Indeed, the default errors and warnings are a total mess. I program with mspgcc, which is based on gcc, and the list of additional warnings I enable are almost the major part of the makefile (in bytes) :)[/quote]

I too normally program with mspgcc (and use gcc for most of the other targets I work with). But when this project was started by a colleague, it used an msp430f2xxx device, and mspgcc had poor support for them at that time. Thus the obvious choice of compilers was CCS, and I'm now continuing it with the same tools. And I have absolutely the same attitude to gcc warnings - I use just about all of them.

Jens-Michael Gross said:
However, the automatic intialisation done by mspgcc has caused me quote some headache until I iscovered what happens and how I can get around it. Because the initialization of data may take longer than the watchdog timeout, mspgcc disables the WDT before initializing the data. Whis was not stated anywhere in the docs, was not expected and definitely was not what I wanted. (what use is a WDT if it is disabled right on startup). I ended up by writing my own startup code. Since puttign everythng manually in uninitialized data segment was way too much work.

One of the disadvantages of tools like mspgcc is that without a serious commercial backing (as there is for gcc for the ARM, the AVR, and many other targets), documentation tends to be low-priority. But I'd rather use a tool that is correct but poorly documented, than a tool that carefully documents its flaws!

Personally, I normally disable watchdogs unless I have reason to believe that the hardware is dodgy (perhaps a poor power supply with no decent power-on reset device). A watchdog doesn't help for software - at best it hides problems and makes them harder to spot. I read an article once which described watchdog resets as "hitting a dead man repeatedly on the head with a hammer in the hope that he'll wake up". If a software issue causes the program to hang, then the software is broken, and the watchdog will not help it. It is possible, however, to use a watchdog reset or interrupt as a debugging aid, perhaps to print out information in the event of a hang.

Jens-Michael Gross said:
I guess that's why CCS does not initialize everything - it costs too much time and as I said, it's not necessary for the majority of bytes (not objects).

The time required is not much in real world terms unless you have huge buffers, or very strict requirements, or very poor initialisation code (I've seen some terrible examples that take many times longer than necessary). And while it is, as you say, not necessary for the majority of bytes (such as those in buffers), it is necessary of the majority of objects - and that need is more important than timing needs. If a buffer is large enough that you specifically want to disable initialisation for it, then it is easy to put it into a particular section - that's a lot less effort than specifically adding "= 0" to all your statically allocated data. And note that declaring data as "int a = 0;" takes more flash space, and longer startup time, than "int a" with proper initialisation code. And putting the "a = 0" inside a function is even worse in time and space.

Jens-Michael Gross said:
Correctness trumphs speed every time.
No. A few microsecond and the realtime event you wanted to catch is gone and you didn't notice, rendering the whole project void. Correctness for the correctness' sake is a luxury you cannot afford on microcontroller projects. If, bu tonly if you have the time, you can go for 'nice' code or canonically correct structures or whatever. But the first and most important rule is to match the project requirements. Which for MCUs usally are 'get it done in the available time and space' and not 'win a design contest with your code'.[/quote]

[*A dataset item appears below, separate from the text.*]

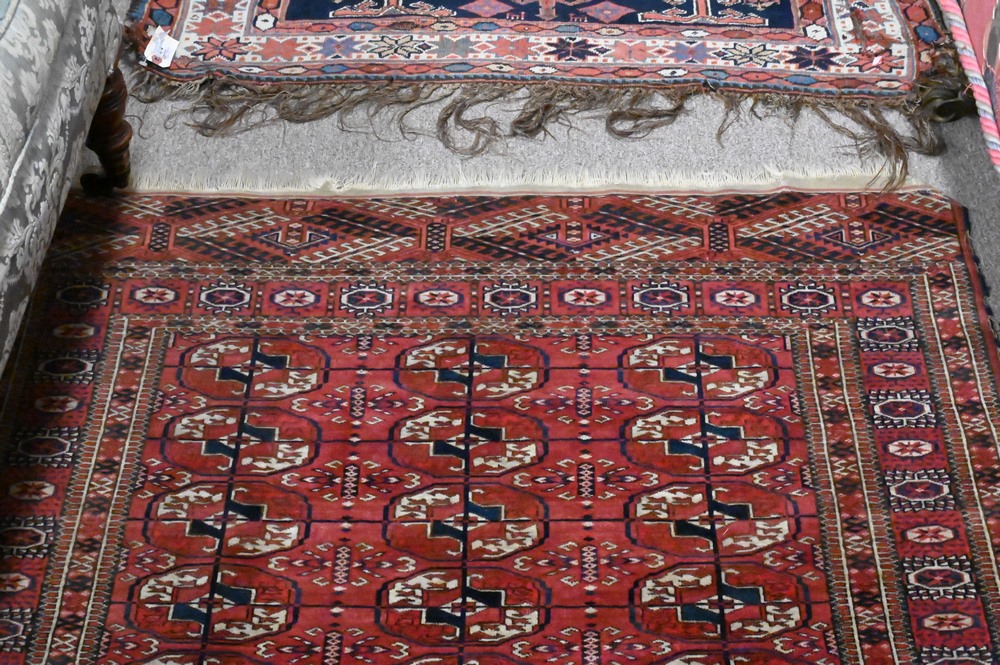 Bokara Oriental Scatter Rug, 3′ 8″ x 4′.

No, you are very wrong here - but I think that's a misunderstanding of the terms. Correctness is all-important. It's easy to write a program that is fast but doesn't do what it needs to do. If you have specific time requirements, then those are part of the specification and the program is only correct if fulfils those timing requirements. Getting the timing right is then part of getting the program correct, just like meeting any other requirements. Correctness is not a "luxury" - it is fundamental. Sometimes things like style or elegance is a luxury, and must bow to speed requirements (i.e., fast and ugly code is better than slow and neat code if the code must be fast). But if you can stay within your timing budget, style and readability of the code is vital to being sure that the code is correct.

Jens-Michael Gross said:
Our laser power supply could have easily destroyed the laser within a few milliseconds while doing unnecessary startup code work in the controller.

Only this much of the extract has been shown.